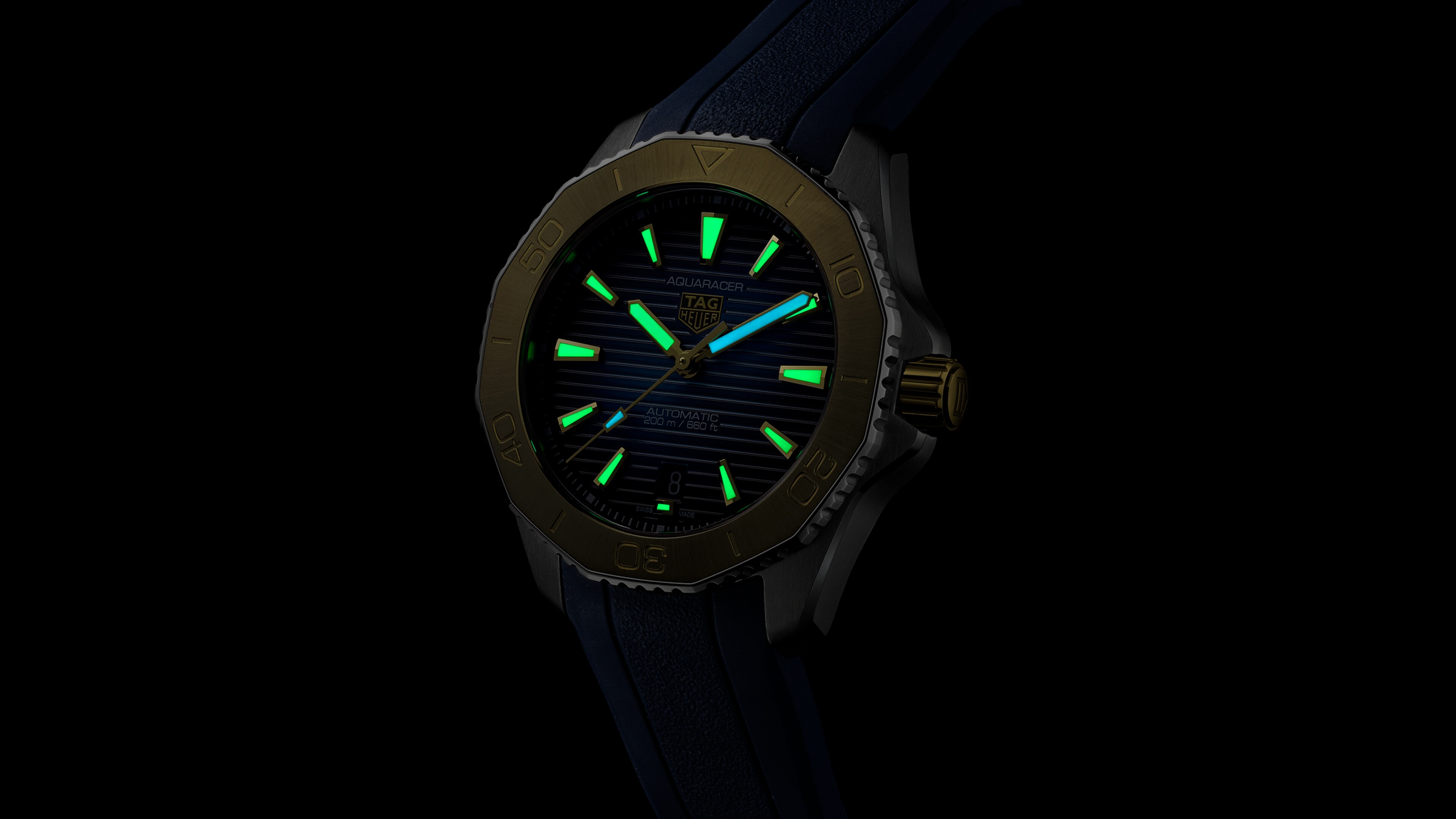 精致的表带由高强度的深蓝色橡胶制成,搭配坚固的精钢表扣和舒适的可延展链节,从容应对任何挑战。
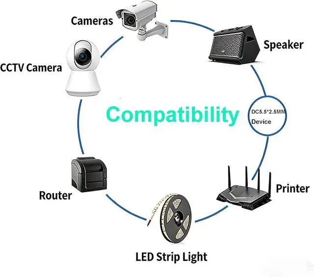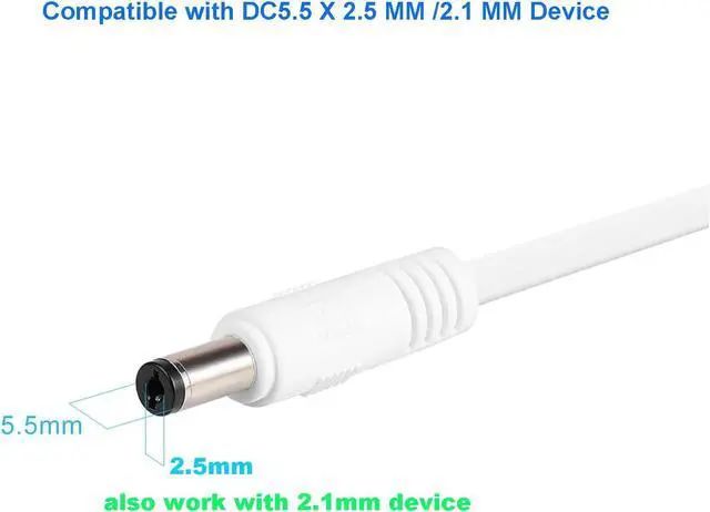 Output: 12 Volts 3 AmpsDC barrel tip round connector ( 5.5 mm x 2.5 mm/ 2.1 mm) 10 feet (3 meters) long extension cableBuilt-in smart IC chip Over voltage protection Over current protection Over-Heat protectionReplacement for Led Strip Light LCD monitor wireless router adsl Cats hub switch security camera Audio/Video power supply etcCome with 1 pcs 12V power supply
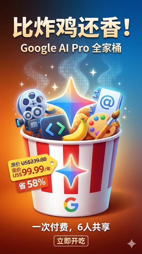 谷歌AI Pro年会员99太香了,给我整FOMO了!
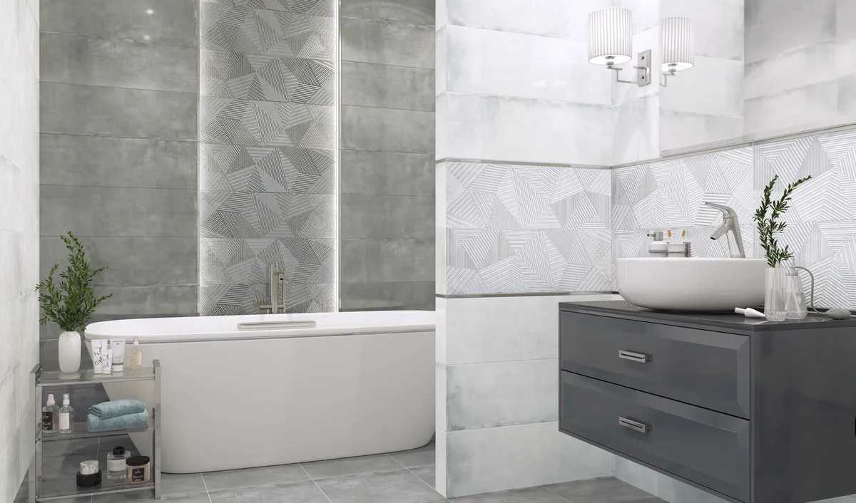 Лофтовое сочетание светло-серых и графитовых оттенков под бетон. Оригинальные геометрические насечки на декорах подчеркивают современный индустриальный стиль, создают игру теней и наполняют помещение дополнительным мерцающим светом.
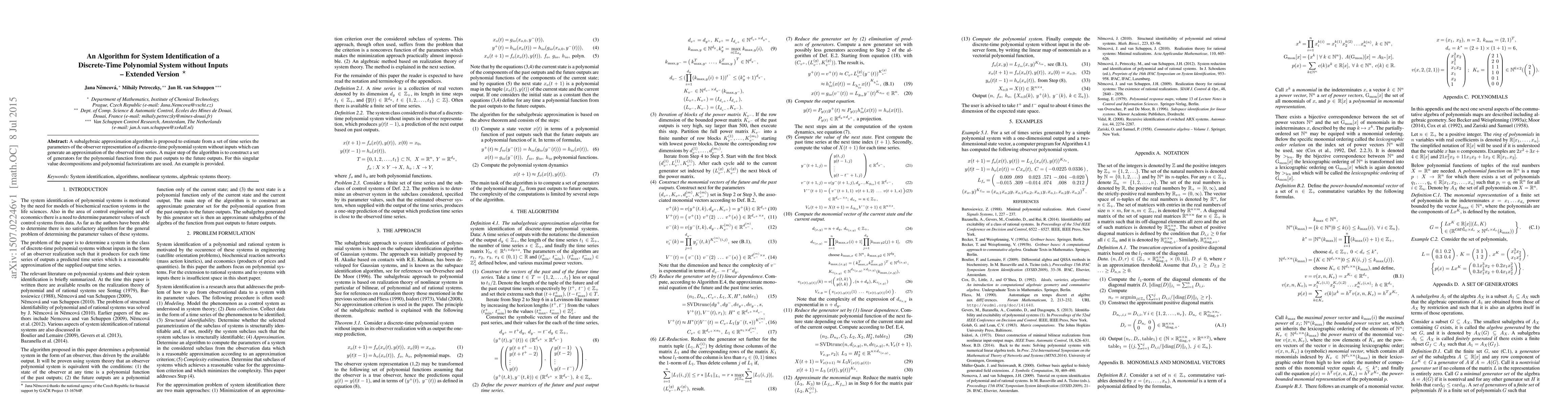 A subalgebraic approximation algorithm is proposed to estimate from a set of time series the parameters of the observer representation of a discrete-time polynomial system without inputs which can generate an approximation of the observed time series. A major step of the algorithm is to construct a set of generators for the polynomial function from the past outputs to the future outputs. For this singular value decompositions and polynomial factorizations are used. An example is provided.
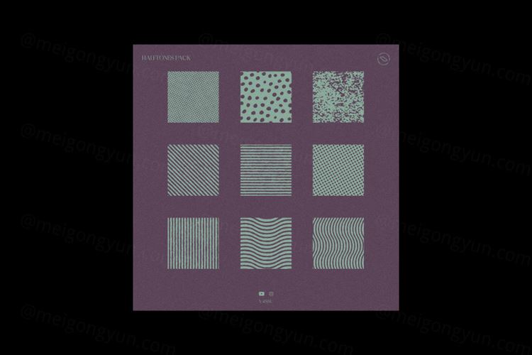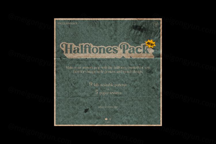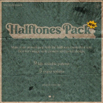 该包装包含 9 个半色调图案和 5 个纸质纹理(压碎和皱巴巴)这个包装是您将海报设计带入复古时代所需的全部。
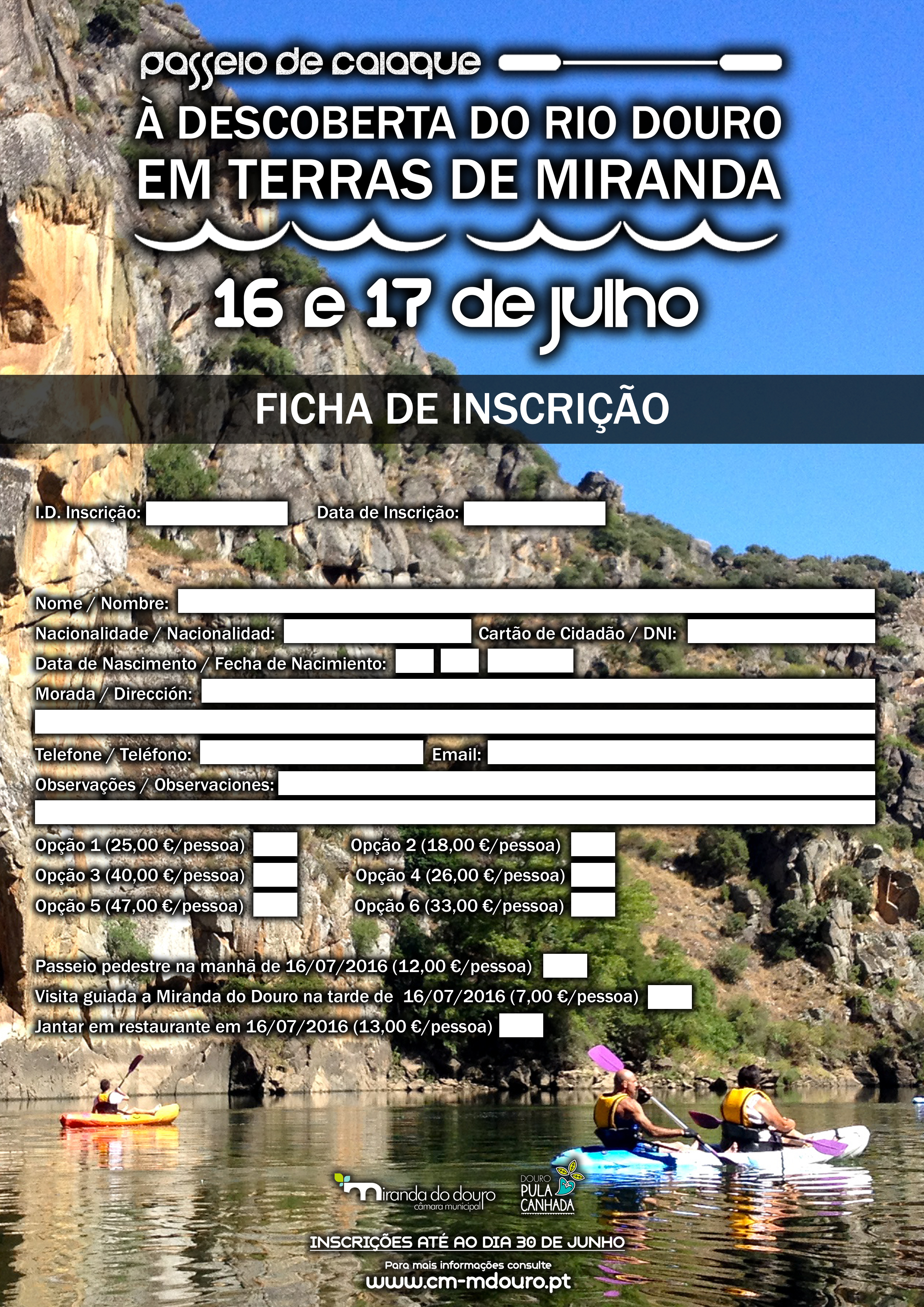 Estão abertas as inscrições, até ao dia 30 de junho, para o primeiro passeio de Caiaque “À descoberta do Rio Douro em Terra de Miranda”, a realizar em Miranda do Douro, entre os dias 16 e 17 de julho. Esta é uma atividade conjunta do município de Miranda do Douro e a Douro pula Canhada.

★ ★ ★ ★

Task directions:
Nothing but the lines from the one containing "谷歌AI Pro年会员99太香了,给我整FOMO了!" through the one containing "该包装包含 9 个半色调图案和" should appear, copied exactly from the material above and without pictures.

Output of the task:
 谷歌AI Pro年会员99太香了,给我整FOMO了!
 Лофтовое сочетание светло-серых и графитовых оттенков под бетон. Оригинальные геометрические насечки на декорах подчеркивают современный индустриальный стиль, создают игру теней и наполняют помещение дополнительным мерцающим светом.
 A subalgebraic approximation algorithm is proposed to estimate from a set of time series the parameters of the observer representation of a discrete-time polynomial system without inputs which can generate an approximation of the observed time series. A major step of the algorithm is to construct a set of generators for the polynomial function from the past outputs to the future outputs. For this singular value decompositions and polynomial factorizations are used. An example is provided.
 该包装包含 9 个半色调图案和 5 个纸质纹理(压碎和皱巴巴)这个包装是您将海报设计带入复古时代所需的全部。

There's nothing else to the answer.